Йорт изучал экономические и океанологические особенности всех видов рыбного лова и, конечно, не обошел вниманием гренландскую акулу. Он признавал, что наука накопила слишком мало сведений, чтобы составить полную картину об этом виде, но одновременно утверждал, что гренландская акула в огромных количествах обитает в арктических морях. Соответственно, и промысел гренландской акулы был распространен ближе к северу. Зимой же, по словам Йорта, гренландскую акулу добывали даже в Буннефьорде возле самой Христиании (Осло)!
К концу зимы акулы массово собирались у берегов Нурланна, чтобы поживиться идущим на нерест скреем. Для спокойного лова трески рыбакам приходится сперва отваживать акул, пишет Йорт. Причем в эту пору их можно встретить и на мелководье, и на больших глубинах.
В одном только Финнмарке, особенно на участке между Хаммерфестом и Вардё, на промысел выходило шесть парусников и двадцать одно (моторизованное) судно. В 1898 году совокупная прибыль составила 72 тыс. крон (в пересчете на сегодняшний курс – почти пять миллионов).
Йорт описывает и сам процесс лова. Читая его рассказ, понимаю, что и мы с Хуго не последние из рыбаков. Застав его за укладкой полов в Красном домике, цитирую Йорта: “Для охоты на акулу следует запастись большим прочным железным крюком, поводком к нему взять узкую якорную цепь, а грузилом подвесить большую железную гирю. Ловят акулу на тюленье сало. На поверхность вываживают. Таким способом в день добывают до шестидесяти гренландских акул”.
– Всего шестьдесят в день! Тоже мне, нашли чем хвастаться, – усмехается Хуго.
Рыболовы, с которыми побеседовал Йорт, утверждали, что акула много странствует. В апреле они ловили акулу у побережья, в мае уходили далеко в море. Летом же, чтобы добыть акулу, приходилось идти за ней аж на край Баренцева моря, в сентябре многие перемещались в район между Медвежьим островом и Западным Шпицбергеном. Рыбаки, участвовавшие в таких походах, докладывали Йорту, что находили в утробе у акул, пойманных на Крайнем Севере, обрывки сетей и рыболовных линей. В те времена в Ледовитый океан на гренландскую акулу с такими снастями не ходили, зато они широко использовались рыбаками с норвежского побережья. По мнению промысловиков, акула шла вслед за треской, мигрирующей в Северный Ледовитый океан и обратно. В желудке у акул они находили целые залежи трески, проглоченной целиком.

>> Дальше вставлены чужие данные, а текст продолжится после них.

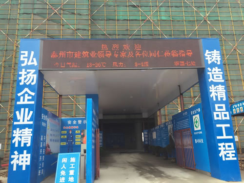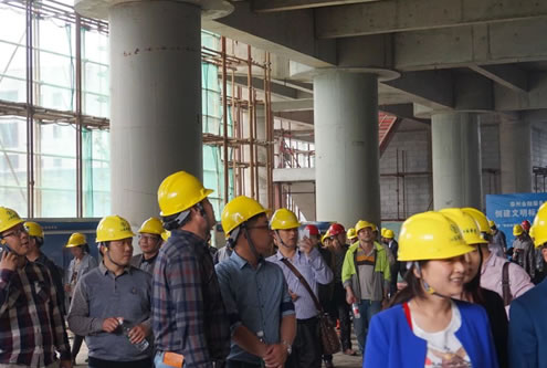 4月21日下午,江蘇華建蘇北分公司承建的泰州金融服務中心現(xiàn)場,彩旗獵獵,熱鬧非凡,泰州市創(chuàng)精品工程觀摩會隆重舉行,泰州市建工局副局長王京陵以及泰州市各市(區(qū))建筑業(yè)主管部門工程創(chuàng)優(yōu)負責人、建筑業(yè)協(xié)會負責人、全市二級以上資質企業(yè)總工程師、技術負責人、創(chuàng)優(yōu)企業(yè)總工程師、項目經理、技術負責人等共計400人參加了觀摩活動,與會人員對江蘇華建在建設金融服務中心興業(yè)大廈過程中創(chuàng)下了江蘇泰州地區(qū)多個之最表示了濃厚興趣,多個之最包括:高度最高(地上58層、設計高度:

В конце Йорт делает общее наблюдение об охоте на гренландскую акулу, которое в точности соответствует нашему опыту с Хуго: “Промысел гренландской акулы – изнуряющий труд. В здешних северных водах большую часть года бушуют штормы, а потому это занятие, когда, став на якорь посреди суровой качки, в лютый холод рыбаки тащат из воды на свое суденышко тяжелую акулью тушу, представляется мне долей в высшей степени незавидной”
[77].
Некоторые из собеседников Йорта всю свою жизнь занимались ловом акул. Один полярник, тридцать лет кряду ходивший на гренландскую акулу, рассказывал, что самолично добыл семьдесят тысяч литров жира из акульей печени – единственного трофея, который он брал от акулы. Я захлопываю “Рыбный и китобойный промысел” – труд господина Йорта, который в момент его написания уже встал на блестящий путь к будущей славе исследователя морских глубин
[78].
Треска ковром стелется буквально у нас на пороге, самые настырные акулы наверняка плыли следом от самого Ледовитого океана. Впрочем, даже будь у нас лодка понадежней, в море мы сейчас не пойдем. Ведь на носу у нас чемпионат Скровы по ловле трески.
26
Мы сами участвовали в прошлогоднем чемпионате. Проснулись мы утром после семибалльного шторма – всю ночь крепкий ветер задувал с юго-запада прямо в залив. Хуго забеспокоился, не приключилось ли какой беды с нашей плоскодонкой. В то время у нас еще не было понтонного причала: пришлось пришвартоваться у Эллингсенского рыбозавода.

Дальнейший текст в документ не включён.